**DATA SHOWN:**
<<<<

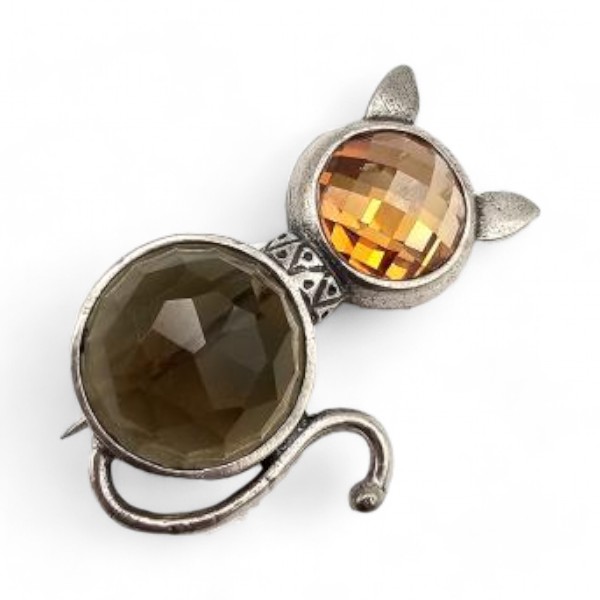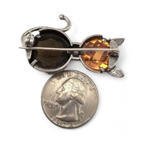 “LENO” Cushion Cut Rhinestone Sterling Silver Cat Brooch 12.8 G
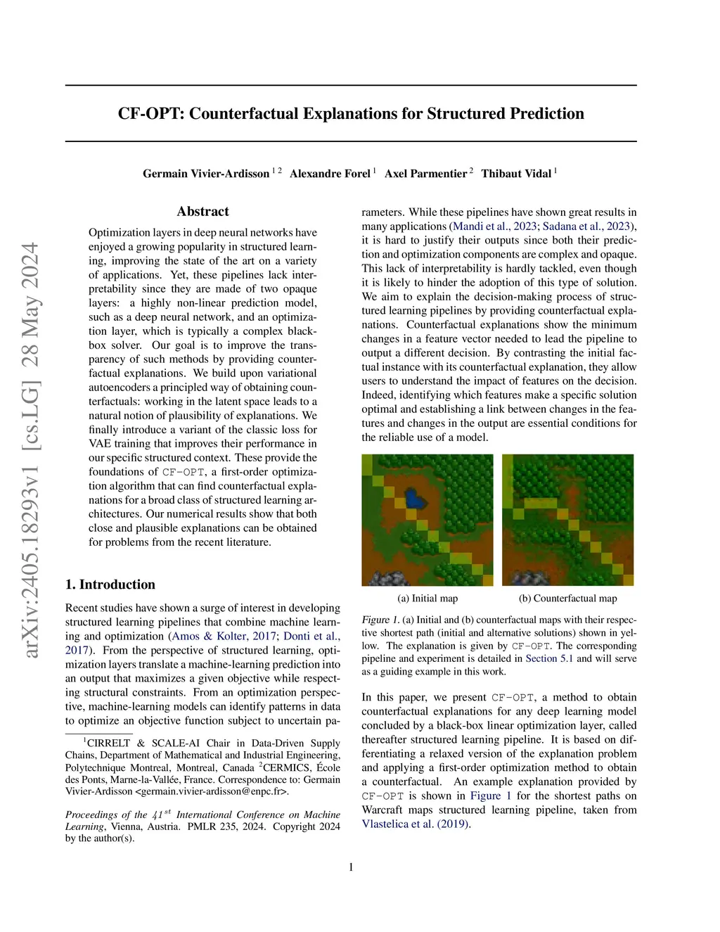Optimization layers in deep neural networks have enjoyed a growing popularity in structured learning, improving the state of the art on a variety of applications. Yet, these pipelines lack interpretability since they are made of two opaque layers: a highly non-linear prediction model, such as a deep neural network, and an optimization layer, which is typically a complex black-box solver. Our goal is to improve the transparency of such methods by providing counterfactual explanations. We build upon variational autoencoders a principled way of obtaining counterfactuals: working in the latent space leads to a natural notion of plausibility of explanations. We finally introduce a variant of the classic loss for VAE training that improves their performance in our specific structured context. These provide the foundations of CF-OPT, a first-order optimization algorithm that can find counterfactual explanations for a broad class of structured learning architectures. Our numerical results show that both close and plausible explanations can be obtained for problems from the recent literature.
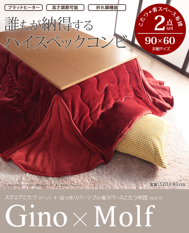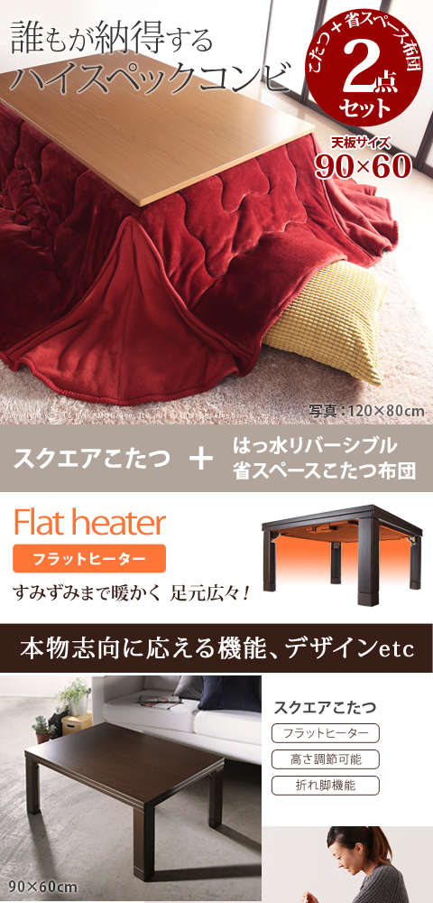 ●サイズ:こたつ-幅90x奥行60x高さ40cm(35+継ぎ脚5cm)・約15.5kg、布団-200x170cm・中綿量約730g

>>>>

**TASK REQUIREMENTS:**
Could you print the material above word for word and skip the images?

**RESPONSE BELOW:**
 “LENO” Cushion Cut Rhinestone Sterling Silver Cat Brooch 12.8 G
Optimization layers in deep neural networks have enjoyed a growing popularity in structured learning, improving the state of the art on a variety of applications. Yet, these pipelines lack interpretability since they are made of two opaque layers: a highly non-linear prediction model, such as a deep neural network, and an optimization layer, which is typically a complex black-box solver. Our goal is to improve the transparency of such methods by providing counterfactual explanations. We build upon variational autoencoders a principled way of obtaining counterfactuals: working in the latent space leads to a natural notion of plausibility of explanations. We finally introduce a variant of the classic loss for VAE training that improves their performance in our specific structured context. These provide the foundations of CF-OPT, a first-order optimization algorithm that can find counterfactual explanations for a broad class of structured learning architectures. Our numerical results show that both close and plausible explanations can be obtained for problems from the recent literature.
 ●サイズ:こたつ-幅90x奥行60x高さ40cm(35+継ぎ脚5cm)・約15.5kg、布団-200x170cm・中綿量約730g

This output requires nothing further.